FIFA should not be just for men
Saturday, 10 March 2018 01:09 by Billion Temesghen |
Articles – Q & A
FATMA SAMOURA IS THE VERY FIRST FEMALE SECRETARY GENERAL OF FIFA EVER. SHE IS FROM AFRICA.
Fatma Samoura is a senior United Nations official who took office in 1995. She had worked in different posts responding to several emergencies in different parts of Africa and other parts of the world. When she was appointed in February 2016 as the Secretary General of FIFA, she became the first woman to ever walk in FIFA’s leadership.
–It is an honor to be talking to you and getting to know you, Madame Secretary General. Do you want to say hello to our readers and introduce yourself.
Greetings to all Eritreans. My name is Fatma Samoura. I am from Senegal, Africa, and I am the FIFA Secretary General.
-Tell us a bit about your country. What is it like to grow up in Senegal?
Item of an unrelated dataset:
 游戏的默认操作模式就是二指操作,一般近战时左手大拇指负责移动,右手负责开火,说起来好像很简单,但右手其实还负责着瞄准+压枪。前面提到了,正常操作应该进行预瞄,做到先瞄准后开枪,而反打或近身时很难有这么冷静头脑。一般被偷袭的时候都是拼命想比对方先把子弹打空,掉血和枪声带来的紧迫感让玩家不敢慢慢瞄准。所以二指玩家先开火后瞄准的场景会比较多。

Senegal is just great. Home is always home. The country is doing great in football. Especially the men football team. People love football over there. The national men football team was actually one of the five African teams that qualified for the world Cup in Russia. Therefore, the whole country and its population are always in great zeal supporting the Eranga Lions at all times. It is a great atmosphere as you enjoy the sense of being together brought by football.
–You are the very first female to hold the post of Secretary General in FIFA. And, sadly, many would agree that a post like this one, with inevitable high competitions, would normally be almost impossible for an African to be selected for, and a woman at that. We are proud of you, of course. It is pleasing that an African woman is actually the Secretary General of FIFA. How was the climb to FIFA leadership?
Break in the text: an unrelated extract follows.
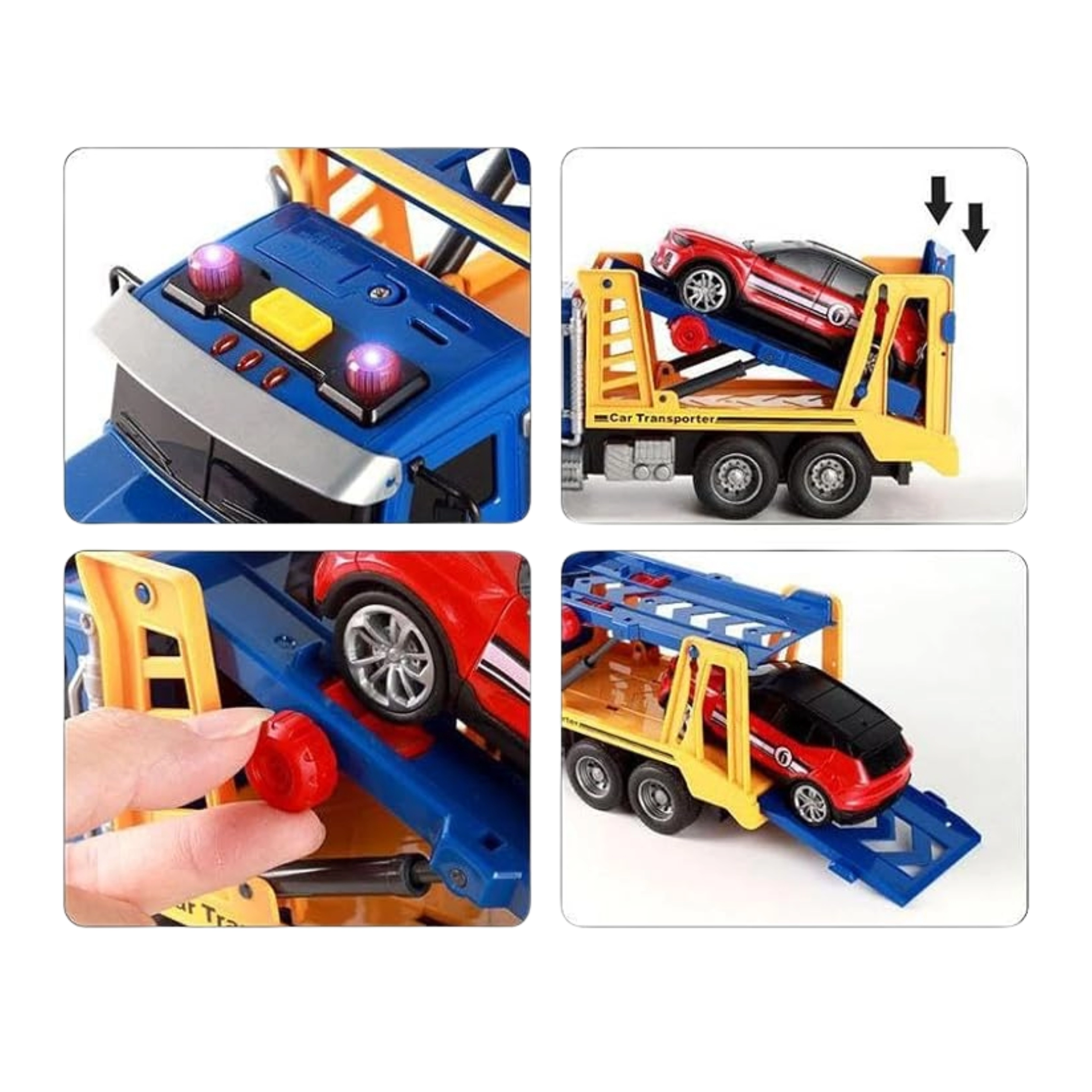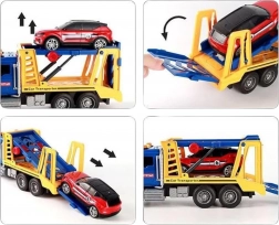 Il carro attrezzi WOOPIE in colore blu con piattaforma giallo‑blu entusiasmerà ogni bambino che ama i veicoli grandi. I pulsanti sulla cabina attivano effetti luminosi e sonori per un gioco ancora più autentico. La piattaforma mobile consente un facile abbassamento e carico della macchinina inclusa, così i bambini possono creare le proprie storie di trasporto.

The president of FIFA, Mr. Infantino, had very clear vision for his presidency. His mandate since day one of his term, in February 2016, has been to make football a gender- sensitive sport as well as a sport that promotes diversity as a source of friendship and vigor. His decision was to reflect his plans through several actions without taking much time, one of which was appointing the very first female African Secretary General in the history of FIFA to lead the administration of the world football governing body.
-So how did you feel about the news of your election?
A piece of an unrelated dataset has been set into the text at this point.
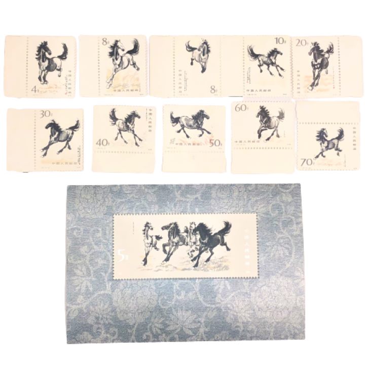 T28 徐悲鴻 奔馬シリーズ 10種完 小型シート 1978年

Very excited. There is a lot of expectation from my side of the world. With me being appointed as the Secretary General, the hope of many Africans now is for FIFA to focus on the development of football in the continent.
-Now, take us back to Senegal. What is the story of football in your home country?
In Senegal, football is growing slowly. But it’s registering encouraging outcomes now. It is also one of the few countries where the female team got good standards and recognition.
-As a female leader, what do you have to say to other women who aspire to be changing agents of their community?
I sympathize with women’s struggle to come out and show the world that they, too, can contribute in making a difference. My piece of mind to those who are striving for greatness is to believe in themselves and look ahead no matter what obstacles they might face. There is nothing impossible in the world. Everything and anything can be attained so long as there is the will and readiness to fight until the end. I know women can do wonders so long as they are set to overcome social, cultural and religious impediments.
-Do you think that prejudices have ever been used against women in the governance of FIFA? Have women, by any means, ever been neglected in any structural forms of FIFA?
What I can say for sure is that the football industry has not been really a diverse industry in terms of gender and nationalities. But my example is not the only example of a better phase for FIFA. We have been promoting diversity amongst the committees. Before my time, there were less than five percent of women representatives in the committee. Now, they are close to twenty percent. The same progress is being registered at recruitment level. In FIFA, we currently have forty-five women occupying executive and senior executive posts. Definitely, the ambition is to have up to fifty percent of women represented at the highest football hierarchy by 2026. And furthermore it is exciting as the vision is not to be applied only in FIFA but also in our two hundred eleven member associations and six confederations.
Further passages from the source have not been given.